Fred Buttrell, president/CEO of Med-Trans Corp., arrived from Dallas, Texas, in time for the 11 a.m. news conference. He said the helicopter was new in 2011 and had been checked out prior to the flight.

There was no SOS call from the helicopter prior to the crash, Buttrell said.

“This is gut-wrenching,” he said.

The helicopter was equipped with the latest in helicopter EMS technology, including night vision goggles and a satellite tracking system, Buttrell said.

“We’re very proud of this program,” he said. “Safety is at the forefront of all our endeavors.”

Mercy-North Iowa entered into partnership with Med-Trans to provide helicopter service in February 2011.

Mercy-North Iowa averages 500 Air Med flights a year. It is the first helicopter accident the hospital has experienced.

Med-Trans has experienced only one accident, in 2004, when the company was under different ownership, Buttrell said.

The crash is being investigated by the National Transportation Safety Board and Federal Aviation Administration. The helicopter came down about two miles northwest of the intersection of Balsam Avenue and 260th Street in rural Ventura.

Lair-Langenbau is the wife of Worth County Sheriff Jay Langenbau, according to Globe Gazette files.

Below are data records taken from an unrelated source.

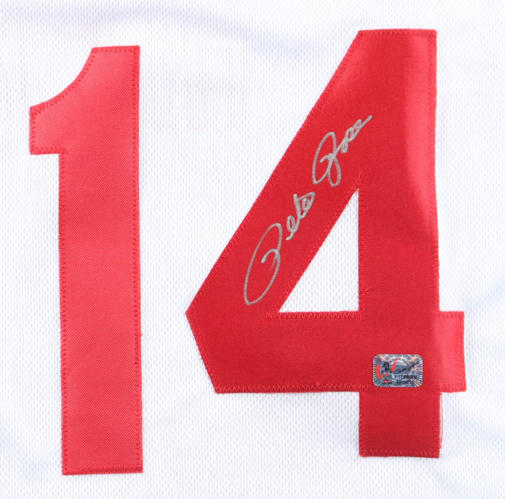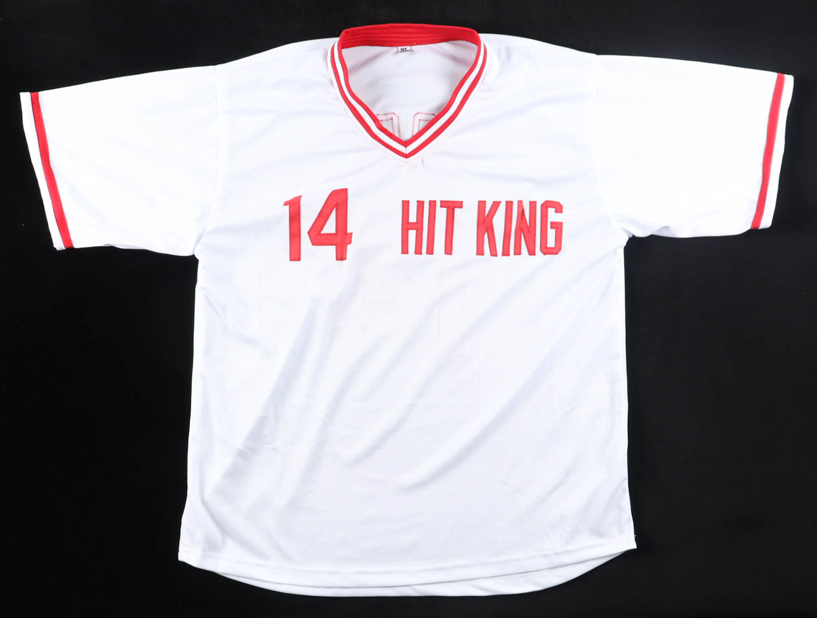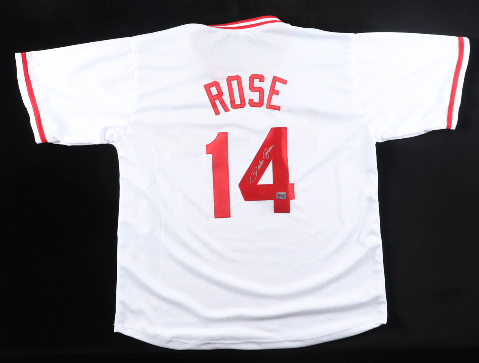 Custom jersey with everything sewn on, size XL. Hand-signed by Pete Rose (D. 2024, Cincinnati Reds).
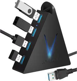 4-Port USB 3.0 Hub, FlyingVHUB USB Hub Tower with 2 ft Extended Cable,USB Splitter for Laptop,PC,PS4,PS5,Xbox,Mouse,Keyboard, Flash Drive, U-Disk (Black)
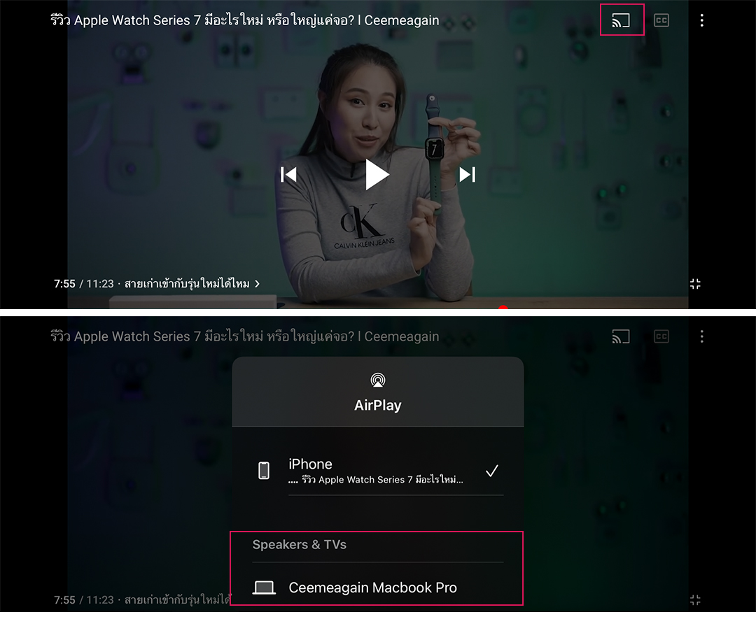 หรือถ้าฝั่งของแอป YouTube ก็คลิกที่ ปุ่ม Airplay ด้านบนแล้วเลือก MacBook ได้เลย
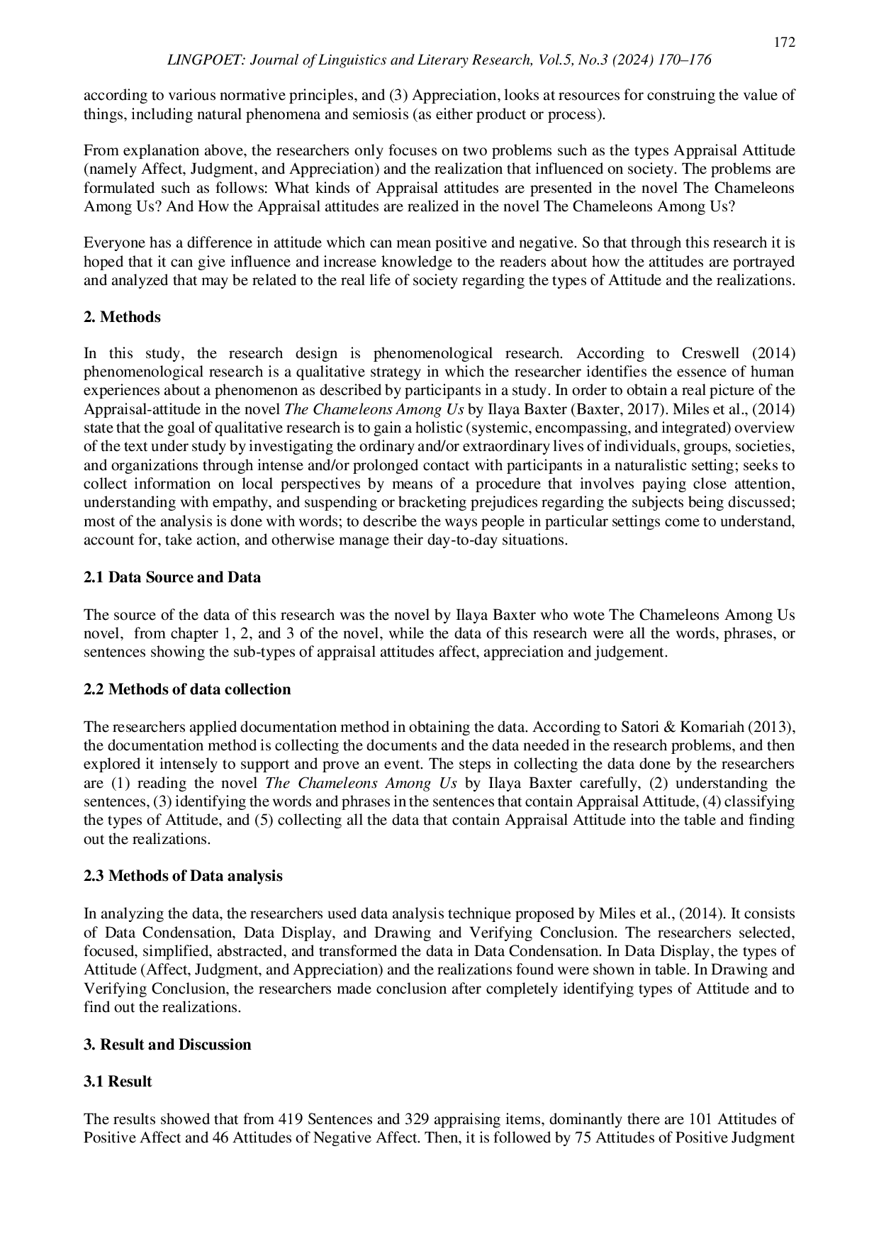 Penelitian ini menyimpulkan bahwa terdapat tiga jenis Sikap dalam novel The Chameleons Among Us karya Ilaya Baxter, yaitu Afek, Penghakiman, dan Apresiasi, serta realisasinya dalam bentuk positif dan negatif.Dominasi Sikap Afek Positif menunjukkan peran penting emosi dan perasaan dalam membangun karakter dan perilaku tokoh.Temuan ini menggarisbawahi bagaimana penulis menggunakan bahasa untuk menyampaikan emosi dan perasaan tokoh, yang didasarkan pada pengalaman pribadi penulis.Dengan demikian, penelitian ini memberikan wawasan tentang bagaimana penilaian memengaruhi hubungan dan pengalaman karakter dalam novel.

“I know their colleagues in health care are grieving the loss with their loved ones,” Dan Varnum, president and CEO of Mercy-North Iowa, said earlier in a news release. “The entire organization and I send prayers to all who knew them. They were committed and dedicated to serving the people of Northern Iowa and southern Minnesota.

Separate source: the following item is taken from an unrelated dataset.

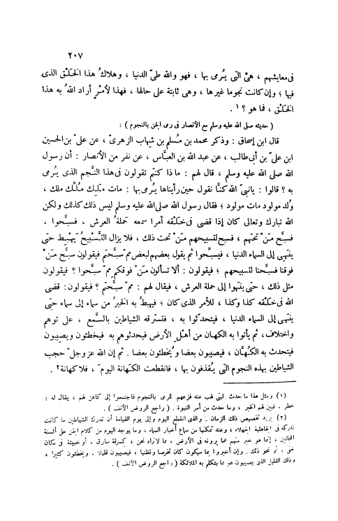 قَالَ ابْنُ إسْحَاقَ: وَذَكَرَ مُحَمَّدُ بْنُ مُسْلِمِ بْنِ شِهَابٍ الزُّهْرِيُّ، عَنْ عَلِيِّ بْنِ الْحُسَيْنِ ابْن عَلِيِّ بْنِ أَبِي طَالِبٍ، عَنْ عَبْدِ اللَّهِ بْنِ الْعَبَّاسِ، عَنْ نَفَرٍ مِنْ الْأَنْصَارِ: أَنَّ رَسُولَ اللَّهِ صَلَّى اللهُ عَلَيْهِ وَسَلَّمَ، قَالَ لَهُمْ: مَاذَا كُنْتُمْ تَقُولُونَ فِي هَذَا النَّجْمِ الَّذِي يُرْمَى بِهِ؟ قَالُوا: يَا نَبِيَّ اللَّهِ كُنَّا نَقُولُ حَيْنَ رَأَيْنَاهَا يُرْمَى بِهَا: مَاتَ مَلِكٌ مُلِّكَ مُلْكٌ، وُلِدَ مَوْلُودٌ مَاتَ مَوْلُودٌ، فَقَالَ رَسُولُ اللَّهِ صَلَّى اللهُ عَلَيْهِ وَسَلَّمَ لَيْسَ ذَلِكَ كَذَلِكَ وَلَكُنَّ اللَّهَ تَبَارَكَ وَتَعَالَى كَانَ إذَا قَضَى فِي خَلْقِهِ أَمْرًا سَمِعَهُ حَمَلَةُ الْعَرْشِ، فَسَبَّحُوا، فَسَبَّحَ مَنْ تَحْتَهُمْ، فَسَبَّحَ لِتَسْبِيحِهِمْ مَنْ تَحْتَ ذَلِكَ، فَلَا يَزَالُ التَّسْبِيحُ يَهْبِطُ حَتَّى يَنْتَهِيَ إلَى السَّمَاءِ الدُّنْيَا، فَيُسَبِّحُوا ثُمَّ يَقُولُ بَعْضُهُمْ لِبَعْضٍ مِمَّ سَبَّحْتُمْ فَيَقُولُونَ سَبَّحَ مَنْ فَوْقَنَا فَسَبَّحْنَا لِتَسْبِيحِهِمْ، فَيَقُولُونَ: أَلَا تَسْأَلُونَ مَنْ فَوْقَكُمْ مِمَّ سَبَّحُوا؟ فَيَقُولُونَ مِثْلَ ذَلِكَ، حَتَّى يَنْتَهُوا إلَى حَمَلَةِ الْعَرْشِ، فَيُقَالُ لَهُمْ: مِمَّ سَبَّحْتُمْ؟ فَيَقُولُونَ: قَضَى اللَّهُ فِي خَلْقِهِ كَذَا وَكَذَا، لِلْأَمْرِ الَّذِي كَانَ، فَيَهْبِطُ بِهِ الْخَبَرُ مِنْ سَمَاءٍ إلَى سَمَاءٍ حَتَّى يَنْتَهِي إلَى السَّمَاءِ الدُّنْيَا، فَيَتَحَدَّثُوا بِهِ، فَتَسْتَرِقُهُ الشَّيَاطِينُ بِالسَّمْعِ، عَلَى تَوَهُّمٍ وَاخْتِلَافٍ، ثُمَّ يَأْتُوا بِهِ الْكُهَّانَ مِنْ أَهْلِ الْأَرْضِ فَيُحَدِّثُوهُمْ بِهِ فَيُخْطِئُونَ وَيُصِيبُونَ فَيَتَحَدَّثُ بِهِ الْكُهَّانُ، فَيُصِيبُونَ بَعْضًا وَيُخْطِئُونَ بَعْضًا. ثُمَّ إنَّ اللَّهَ عَزَّ وَجَلَّ حَجَبَ الشَّيَاطِينَ بِهَذِهِ النُّجُومِ الَّتِي يُقْذَفُونَ بِهَا، فَانْقَطَعَتْ الْكَهَانَةُ الْيَوْمَ، فَلَا كَهَانَةَ [2] .

“They were each selfless health care professionals devoted to the delivery of emergency medical care," Varnum said in a statement. "While they fulfilled significant duties, they played a greater role as our neighbors and friends.”

The Mercy press release said Mercy-North Iowa is working closely with law enforcement officials and the FAA in investigating the accident.

Members of Mercy-North Iowa’s Spiritual Care Department and counselors were available Wednesday and will continue to be available to provide support, the release said.

A Globe Gazette photographer at the scene Wednesday night said ATVs and snowmobiles were also being used by emergency responders to get to the crash site.

Butch Kozisek of Ventura said he saw the helicopter crash.

“I seen one heck of an explosion,” Kozisek said Wednesday night.

He said he was startled by the sound of the chopper.

“Me and the wife were looking out the window and wondering what it was and then the sound quit for about a second or two and then just a big ball of fire at ground level.”

Kozisek said he lives about three-quarters of a mile from the crash site.

He said there was no evidence of fire while the helicopter was still in the air.

KarrieJo VanderPloeg, of rural Clear Lake, said she was on her way home with her family when they “saw the sky light up.”

She said it was scary because they didn’t know what it was.

They drove on gravel roads until they came upon the crash site.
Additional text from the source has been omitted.